Когда Джону, наконец, удалось выбраться из зала, прошло не меньше пяти минут. Он огляделся в поисках Шерлока, но того нигде не было.
Великолепно.
В 221 Шерлок не вернулся ни к обеду, ни вечером, который Джон провел с Молли. Когда она не задавала тысячи бессмысленных вопросов про Шерлока, с ней было приятно проводить время. Они разговаривали об университете, о том, кем они хотят стать; Молли тоже хотела стать врачом, хоть и таким, который работает с мертвыми, а не с живыми.

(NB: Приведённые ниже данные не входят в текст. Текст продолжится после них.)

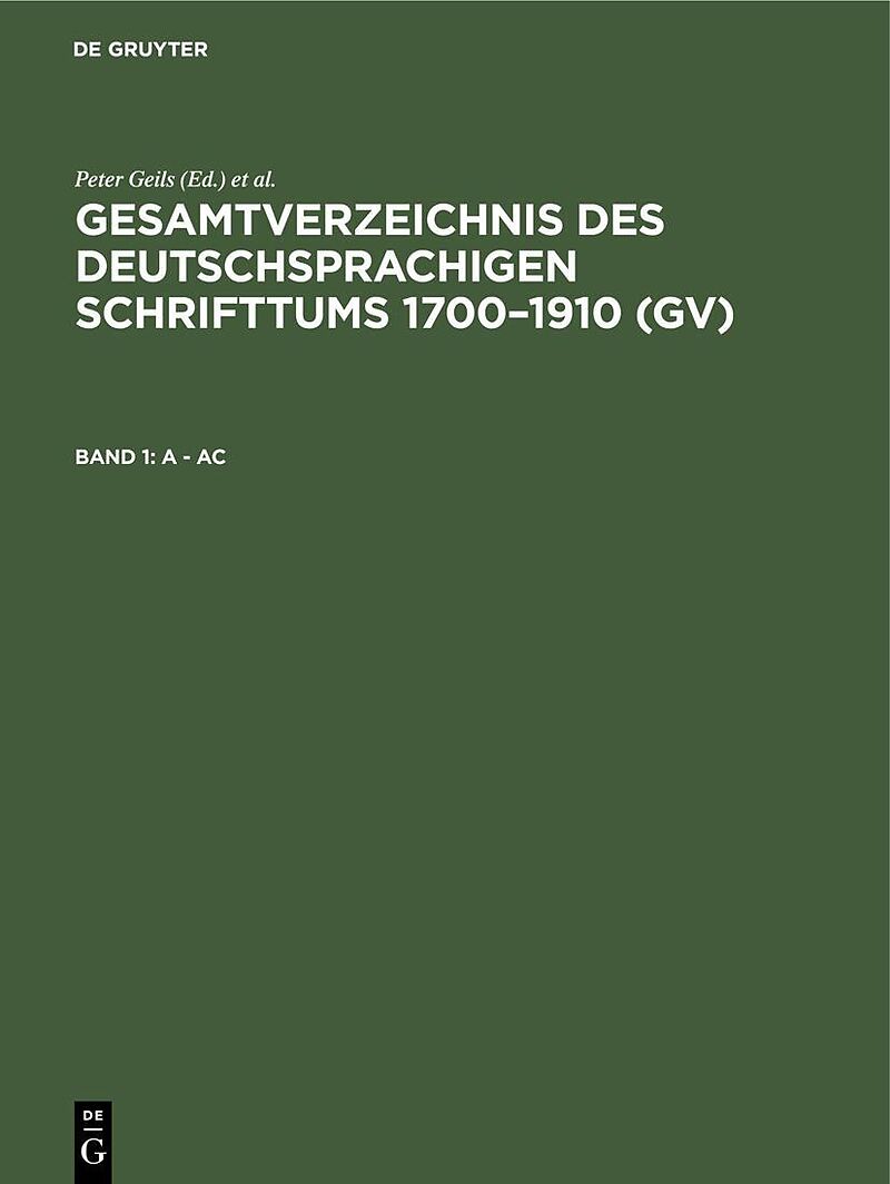 Keine ausführliche Beschreibung für "A - Ac" verfügbar. Zusammenfassung Frontmatter -- Geleitwort -- Inhaltsübersicht -- Vorwort -- Anleitung für den Benutzer -- Quellenverzeichnis -- Abkürzungsverzeichnis -- Hauptteil. Part 1 -- Hauptteil. Part 2...

— Нет, нет, ты привыкаешь к трупам через некоторое время, — сказала она, взмахнув вилкой, полной пасты, в воздухе, чтобы подчеркнуть свою точку зрения (привычка Молли с энтузиазмом размахивать руками во время разговора закончилась для Джона, по крайней мере, двумя тычками вилкой за ужин). Увидев лицо Джона, она засмеялась. — Ладно, я знаю, звучит нелепо и жутко, но так и есть, честно. Ты просто… перестаешь думать о них, как о людях. Я провела так много времени в морге, помогая папе, после смерти мамы, что у меня, наверное, иммунитет к этому или что-то такое…
— Твоя мама тоже умерла? — спросил он прежде, чем успел остановить себя. (Дерьмо. Дерьмо. Не нужно было этого говорить. Это худшее из всего, что можно сказать. Черт. ) — Нет, нет, прости, я не должен был спрашивать. Господи, мне так жаль.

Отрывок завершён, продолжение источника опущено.